Tale condotta era dimostrata, in particolare, dalle conversazioni trascritte nel provvedimento impugnato, da cui emergeva, quindi, che l’intervento del ricorrente (richiesto secondo le regole dell’agire criminale per cui era opportuno interpellare i referenti criminali della zona di Massafra e, dunque, il ricorrente) si era concretizzato nel “maltrattare” NOME COGNOME durante l’incontro del 6 ottobre 2020 in cui gli intimava di pagare e non prendere ulteriore tempo nell’adempiere all’obbligazione. A ciò seguiva anche il coinvolgimento del ricorrente nella gestione della vicenda nei mesi successivi, attesi i plurimi riferimenti a lui compiuti durante tutte le conversazioni intercettate tanto dai debitori quanto dai sodali calabresi.
Il Tribunale ha avuto cura di precisare che «il comportamento oggettivo di maltrattare il debitore si pone come un presupposto fattuale idoneo a dispiegare la forza criminale del soggetto sulla persona offesa anche nei momenti successivi della vicenda. In tal senso depongono le plurime frasi proferite dai sodali calabresi e dai debitori in cui traspare l’affidamento che i primi hanno su di lui e correlativamente il timore che i secondi nutrono verso lo stesso ricorrente».
3.2. Alla luce di tale motivazione deve, in primo luogo, affermarsi che la giurisprudenza di questa Corte (tra le tante, Sez. 6, n. 17619, dell’8/01/2008, Gionta, Rv. 239724 – 01) è ferma nel ritenere che, in tema di intercettazioni di conversazioni o comunicazioni, l’interpretazione del linguaggio adoperato dai soggetti intercettati, anche quando sia criptico o cifrato, è questione di fatto rimessa all’apprezzamento del giudice di merito e si sottrae al giudizio di legittimità, se la valutazione risulta logica in rapporto alle massime di esperienza utilizzate.
Il giudice «deve accertare che il significato delle conversazioni intercettate sia connotato dai caratteri di chiarezza, decifrabilità dei significati e assenza di ambiguità, di modo che la ricostruzione del senso delle conversazioni non lasci margini di dubbio» (Sez. 6, n. 29350 del 3/5/2006, Rispoli, Rv. 235088 – 01).

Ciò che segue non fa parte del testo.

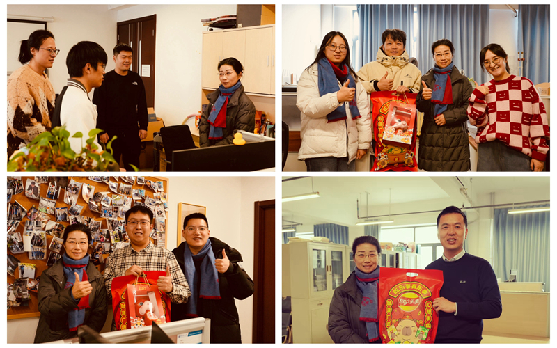 在主楼A座实验室,卜春梅走访了在工位工作的老师和研究生们,了解大家的科研安排和假期规划,关心他们春节的生活安排、与导师沟通交流的情况,勉励师生们涵养家国天下深厚情怀,树立报国强国远大志向。春节将至,卜春梅为留校学生送上学院精心准备的礼物,祝愿大家多喜乐,长安宁,度过一个平安温暖的春节假期。
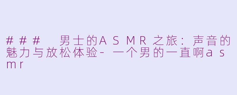 在现代生活中,压力无处不在,许多人都会寻找各种方式来放松自己。近几年,ASMR(自发性知觉经络反应)视频迅速走红,成为了缓解焦虑的一种新方法。而我认识的一个男士,就是在ASMR的世界中找到了平静和乐趣。
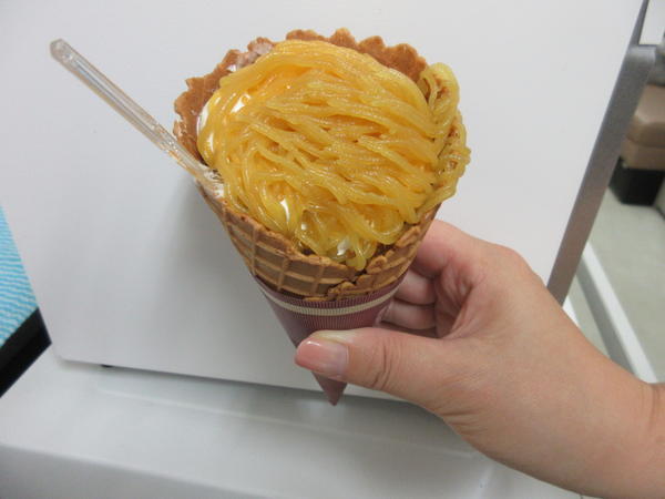 下は北海道ソフトクリーム、上には芋のペーストを絞っています。
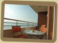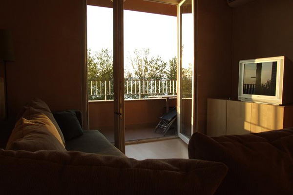 A balatoni szállás alábbi 7. emeleti kisebb méretű apartmanjának berendezése nagyon igényes és modern, a konyha és az étkező között egy átadó pult révén könnyebb a kapcsolat. A nappaliban nagy gardrobe szekrény segíti a kényelmes kipakolást, illetve egy LCD televízió is található. A teraszra kilépve a Balaton szinte a lábunk előtt hever, ami felejthetetlen emléke lesz az ide látogatóknak.
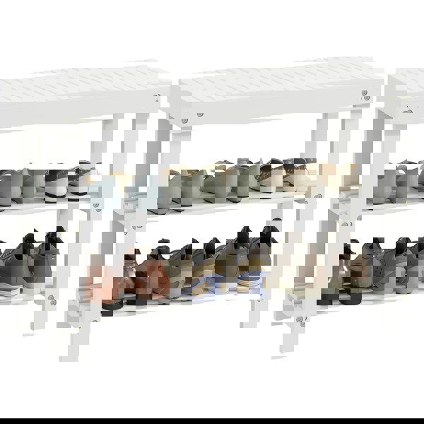 The beautiful way to hold footwear and give you a place to change - this HOMCOM small shoe bench. It's made from bamboo for a strong and beautiful structure - leave it how it is, or customise to your liking. With two slatted shelves there's room for six footwear pairs - be it shoes, boots, heels or trainers. And thanks to the flat top, you also have a place to sit.
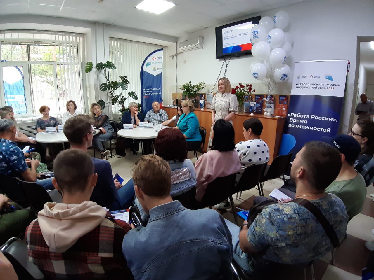 Сегодня в Центре занятости населения города Арсеньева состоялся второй федеральный этап Всероссийской Ярмарки трудоустройства «Работа России.
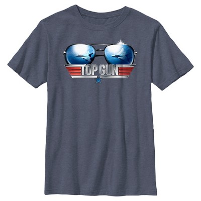 Do you have what it takes to claim the Top Gun Trophy? Then suit up and get ready to join the most elite Navy pilots around like Maverick and Iceman with this officially licensed Top Gun Aviator Sunglasses Reflection Boys' Graphic Performance T-Shirt! Dress in style and rep your favorite aviator movie with this design that features a classic pair of aviator sunglasses with a reflection of the clouds and a fighter jet, along with the Top Gun logo below.
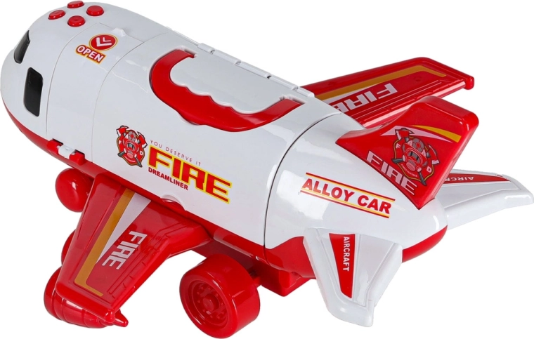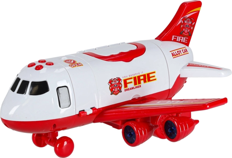 Az interaktív effektek fokozzák az élményt: a gombok megnyomására autentikus szirénák és villogó LED-ek indulnak a szárnyakon és a pilótafülke alatt. A felső praktikus fogantyú kényelmes hordozást és nyitást biztosít. Minden jármű és tábla szabadon futó kerekekkel rendelkezik, így az akció azonnal kezdődhet.
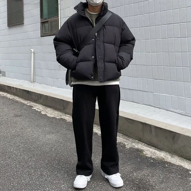 “一身黑”的穿搭,会让男生看起来特别的酷。比如上面这套搭配,黑色的羽绒服搭配黑色的运动裤,里面选择一件灰色的针织衫,可以提亮自己的整体穿搭色调,再穿上百搭的小白鞋呼应。

Nel caso in esame, è agevole affermare che il Tribunale si è specificamente attenuto nella valutazione delle intercettazioni telefoniche a tali criteri, avendo utilizzato un metodo interpretativo logico, effettivamente fondato sull’analisi delle conversazioni in relazione alla qualità dei soggetti intercettati e al contesto in cui si inserivano i colloqui.
Deve poi rilevarsi che, dando seguito alla sentenza rescindente, il Tribunale ha adeguatamente illustrato gli specifici elementi sulla base dei quali ha affermato la sussistenza di gravi indizi del concorso del ricorrente nel fatto estorsivo commesso da altri, avendo rimarcato che risultava accertato che il ricorrente, dopo avere incontrato i calabresi, aveva con minaccia costretto NOME COGNOME a effettuare il pagamento, sfruttando il proprio potere intimidatorio derivante dal suo ruolo criminale.
Premesso, poi, che, secondo l’orientamento delle Sezioni Unite in tema di misure cautelari personali, allorché sia denunciato, con ricorso per cassazione, vizio di motivazione del provvedimento emesso dal Tribunale del riesame in ordine alla consistenza dei gravi indizi di colpevolezza, alla Corte suprema spetta il compito di verificare, in relazione alla peculiare natura del giudizio di legittimità e ai limiti che ad esso ineriscono, se il giudice di merito abbia dato adeguatamente conto delle ragioni che l’hanno indotto ad affermare la gravità del quadro indiziario a carico dell’indagato, controllando la congruenza della motivazione riguardante la valutazione degli elementi indizianti rispetto ai canoni della logica e ai principi di diritto che governano l’apprezzamento delle risultanze probatorie (Sez. U, n. 11 del 22/03/2000, Rv. 215828 – 01), deve ritenersi che l’ordinanza impugnata sfugge a ogni rilievo censorio.
In definitiva il ricorso deve essere rigettato e ciò comporta, ai sensi dell’art. 616 cod. proc. pen., la condanna del ricorrente al pagamento delle spese processuali.
La Cancelleria è onerata degli adempimenti di cui all’art. 94, comma Iter, disp. att. cod. proc. pen.
P.Q.M.
Rigetta il ricorso e condanna il ricorrente al pagamento delle spese processuali. Manda alla Cancelleria per gli adempimenti di cui all’art. 94, comma 1 ter, disp. att. cod. proc. pen.